Nevertheless, many people who understand this may still believe that a lack of correlation can rule out a cause-and-effect relationship.
But it can't. It can't even come close.
In fact, a lack of correlation tells us much less than a correlation does. This is because a correlation at least tells us there is a relationship, even if it tells us nothing about why the relationship exists. A lack of correlation, by contrast, does not even tell us that there isn't a relationship.
While “no relationship” is one possible explanation for a lack of correlation, there are several others:
Lack of statistical power. The study may have needed a larger sample to detect the correlation. This would not affect the correlation coefficient, but it would affect whether it is statistically significant.

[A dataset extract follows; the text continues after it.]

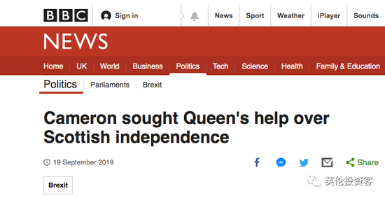 2019年9月19日,前首相卡梅伦在接受BBC专访时表示,在2014年苏格兰独立公投的前几天,他去找了女王,希望女王对苏格兰独立公投有所表示。

Lack of sufficient range of variation. Even if you have a perfectly linear and very strong correlation, if you limit the range of variation you study, the correlation coefficient will decrease. If you limit your range narrowly enough, the correlation coefficient will essentially disappear. For example, if study time increases test scores linearly over the range of zero to ten hours per week, the relationship may be perfectly linear between eight and ten hours per week, but because you have limited the range of variation, you will decrease the correlation coefficient. As you decrease the range further, the correlation coefficient becomes zero. This would make it look like the study was not actually underpowered, because there would not even be a non-significant correlation. But it's just an illusion.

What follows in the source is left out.